***** LISTED RECORDS *****

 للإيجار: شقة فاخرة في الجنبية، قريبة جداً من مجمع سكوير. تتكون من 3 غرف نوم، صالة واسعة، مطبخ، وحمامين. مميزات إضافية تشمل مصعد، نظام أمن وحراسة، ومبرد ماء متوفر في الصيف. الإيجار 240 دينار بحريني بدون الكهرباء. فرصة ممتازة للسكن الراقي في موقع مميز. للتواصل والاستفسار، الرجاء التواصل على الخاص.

*****
***** LISTED RECORDS *****

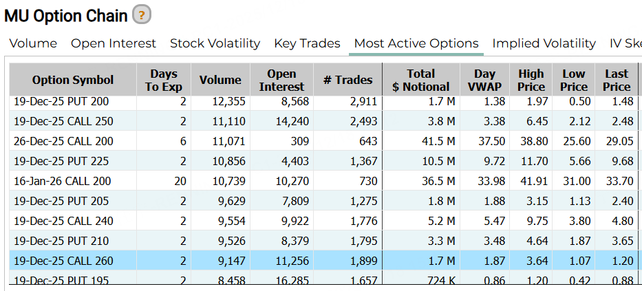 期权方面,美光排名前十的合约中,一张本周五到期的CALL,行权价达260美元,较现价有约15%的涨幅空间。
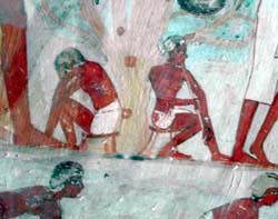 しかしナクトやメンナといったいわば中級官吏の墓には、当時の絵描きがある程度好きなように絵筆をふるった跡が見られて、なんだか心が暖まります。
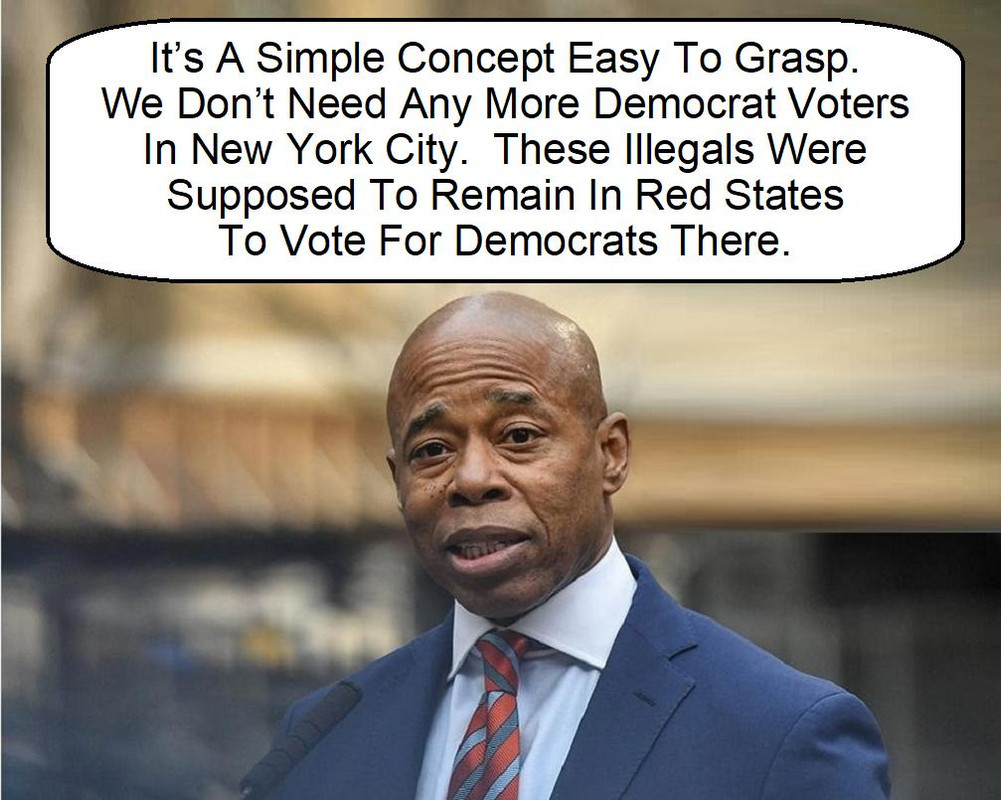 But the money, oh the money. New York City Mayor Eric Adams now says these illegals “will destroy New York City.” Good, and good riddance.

*****

Line for line, output the entries above from the line with "しかしナクトやメンナといった" to the line with "But the money, oh", both included, and nothing more. Skip pictures.

 しかしナクトやメンナといったいわば中級官吏の墓には、当時の絵描きがある程度好きなように絵筆をふるった跡が見られて、なんだか心が暖まります。
 But the money, oh the money. New York City Mayor Eric Adams now says these illegals “will destroy New York City.” Good, and good riddance.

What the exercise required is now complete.